What is the largest $k$ that one can get? Is there an explicit formula?
What else can be said about this?
-- Some thoughts --
In this table I give the values for $k$ and one sequence of $k_1,\dots,k_l$ (where $k_1\geq k_2\geq\dots\geq k_l$) that gives this $k$ for $n\in\{1,\dots,10\}$: $$ \begin{array} {|r|r|r|} \hline n & k & (k_1,\dots,k_l) \\ \hline 1 & 1 & (1) \\ \hline 2 & 2 & (2) \\ \hline 3 & 3 & (3) \\ \hline 4 & 4 & (4); (2,2) \\ \hline 5 & 6 & (3,2) \\ \hline 6 & 9 & (3,3) \\ \hline 7 & 12 & (4,3) \\ \hline 8 & 18 & (3,3,2) \\ \hline 9 & 27 & (3,3,3) \\ \hline 10 & 36 & (4,3,3) \\ \hline \end{array} $$
So, as for $n=5$ it is already $k=6$, one should choose $k_1\leq4$. And of course, to get a large $k$ one should choose $k_l\geq2$. And somewhat the $3$ seems more "effective", though I am not at all sure why.
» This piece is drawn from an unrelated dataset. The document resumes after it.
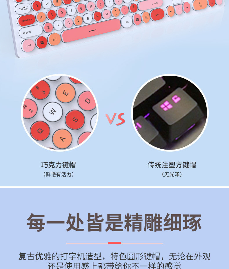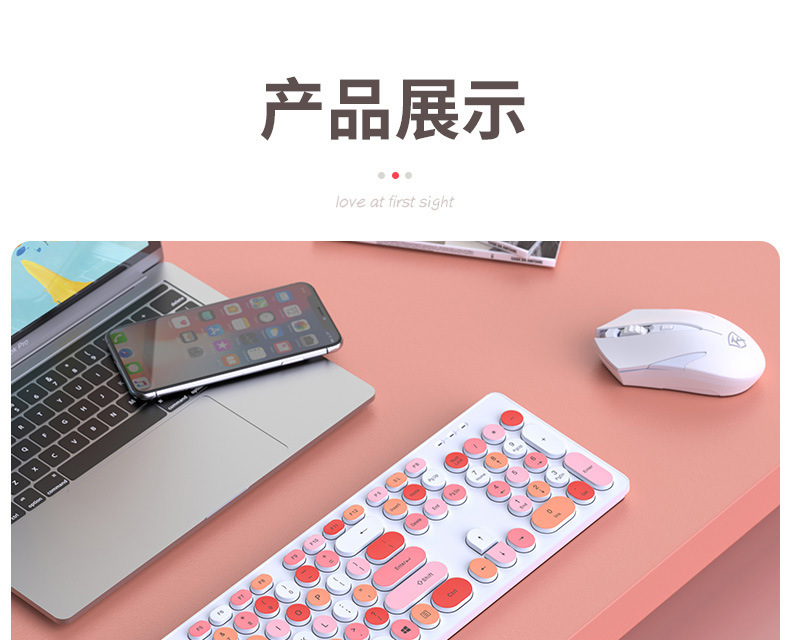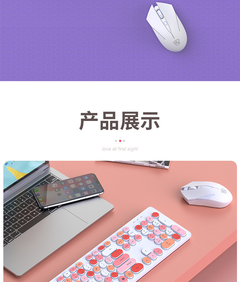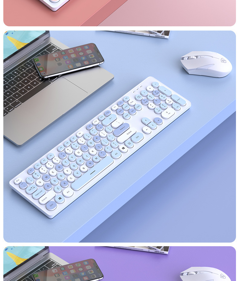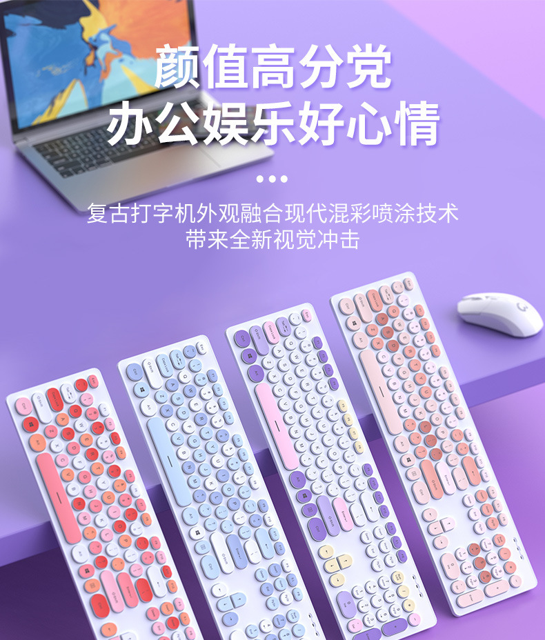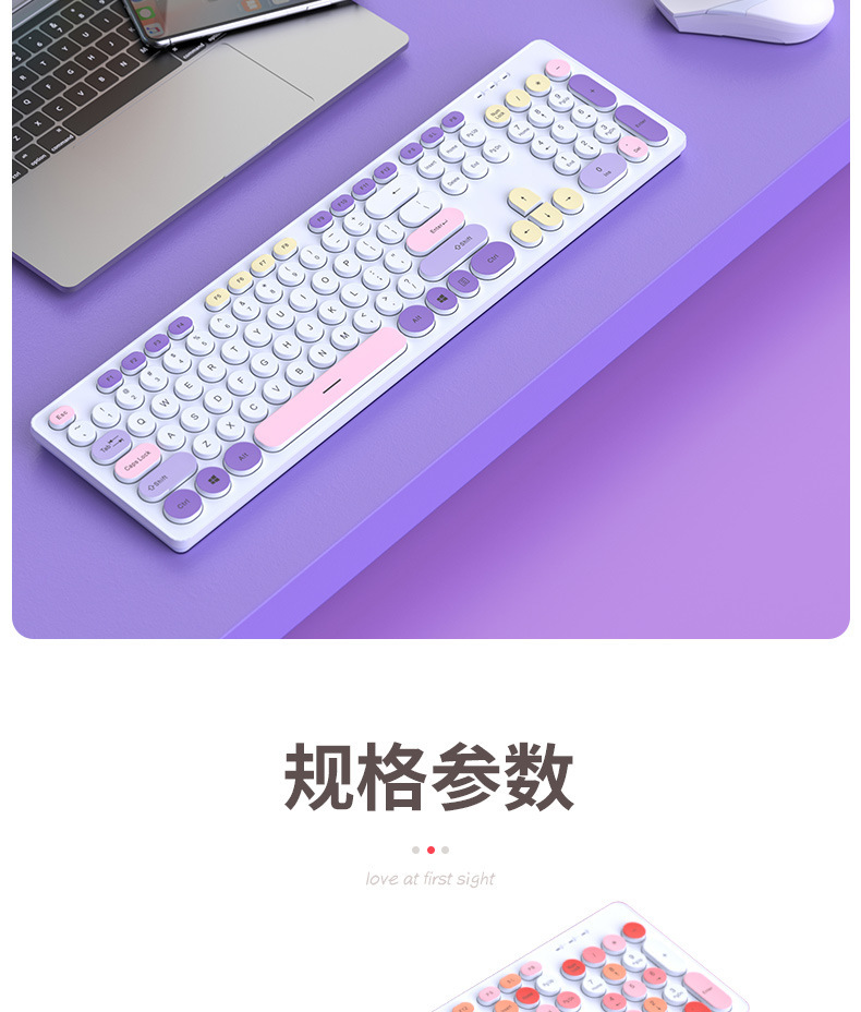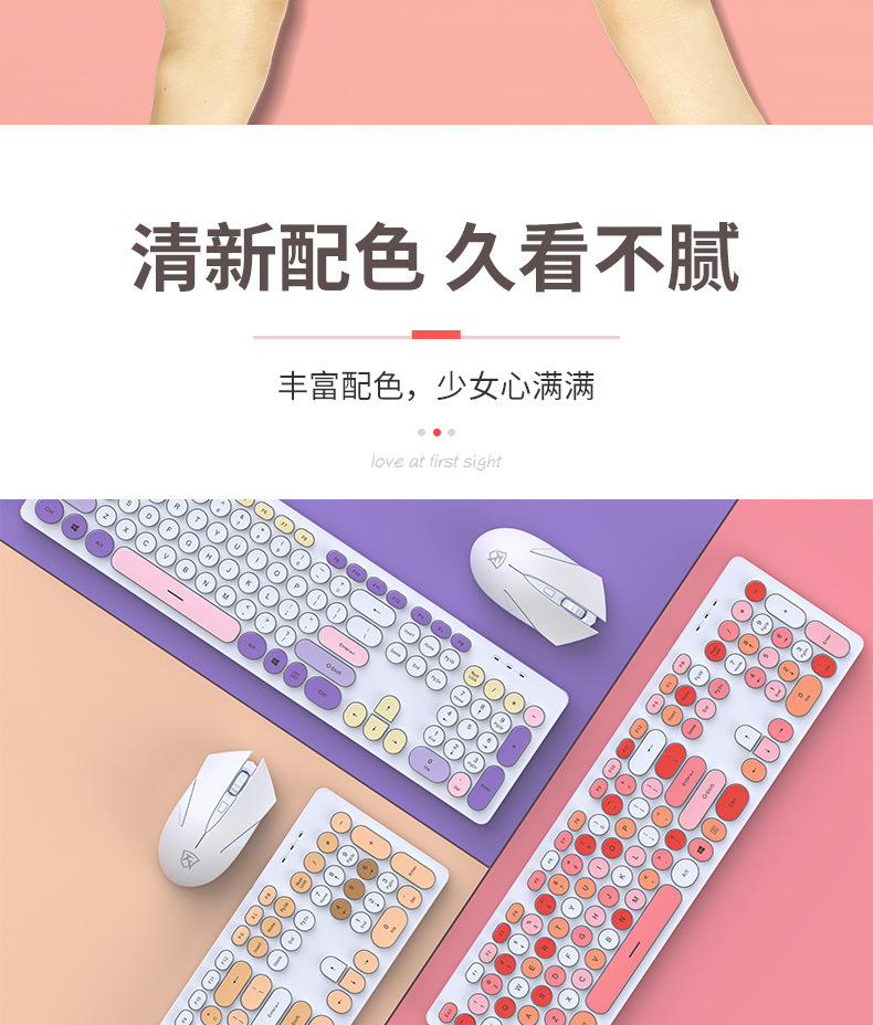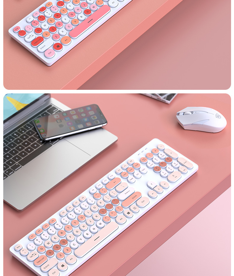 • 흰색 및 분홍색 무광택 버전 - 원형 키캡 + 마우스

So I guess to construct the sequence one takes as many threes as possible, and if the reminder of $n:3$ is $0$, one has finished, if it is $1$, one increments one $3$ to a $4$, and if it is $2$, one simply adds this to the sequence.
Note that any $k_j = 1$ is wasted: better to combine it with some other $k_i$, since $1 \cdot k_i < k_i + 1$.
Any value $4$ or higher, we might as well split off a $2$: $x < 2 (x-2)$ if $x \ge 4$. So we're left with $2$'s and $3$'s. (Actually a $4$ is interchangeable with two $2$'s, but let's think in terms of $2$'s and $3$'s)
$2^3 < 3^2$, so any three $2$'s are better redistributed as two $3$'s. Thus besides $3$'s we will have either $0$, $1$, or $2$ $2$'s, and this will be determined by the congruence class of $n \mod 3$: if $n \equiv 0 \mod 3$, there are no $2$'s, if $n \equiv 1 \mod 3$ there are two (or equivalently a single $4$), and if $n \equiv 2 \mod 3$ there is one.